Disable Firefox's Image smoothing algorithm - gHacks Tech News

Disable Firefox's Image smoothing algorithm

For several years now browsers have started to apply algorithms to images that are displayed in the web browser. This is usually not much of an issue, as you will usually only take notice of that when you start zooming in or out of images. If you do though, you may notice that specific kind of images look blurry zoomed in.

In Firefox, this is handled by the image-rendering CSS property. The default value of that property is set to auto which uses a scaling algorithm that smooths colors.

The intention here is to improve the quality of photos when you zoom in on the image. The problem with this approach is that other types of images, pixel art in particular, looks blurry as a result.

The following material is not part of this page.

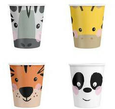 A csomag 1 db zsiráf-, 1 db panda-, 1 db tigris- és 1 db zebra poharat tartalmaz. Mérete: 220 ml. Anyaga: papír. 4 db pohár/csomag.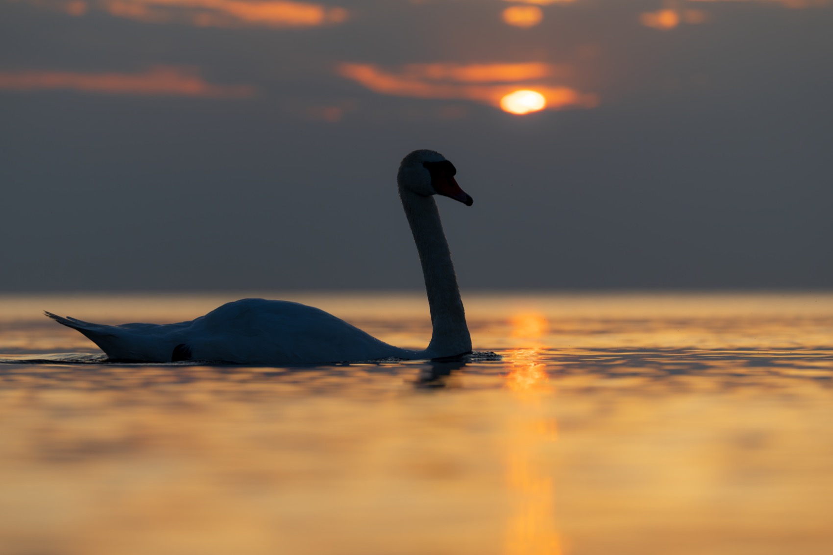закат, лебедь, лебедь шипун, лебедь-шипун, финский залив, Руслан Pl

A recent thread on Reddit highlights the issue with two example images. The first image uses the auto algorithm optimized for photos. Note that both images are zoomed in.

firefox blurry image screenshot

The second screenshot shows the same scene, this time though with the image-rendering property set to crisp edges instead.

firefox crisp pixel art

If you compare the two screenshots you will notice that the second screenshot looks a lot crisper while the first screenshot looks blurry.

You can switch the image rendering property easily in Firefox, and I'm going to show you how that is done in a minute. Before though it needs to be mentioned that switching it may have an affect on photos that you zoom in on in the browser.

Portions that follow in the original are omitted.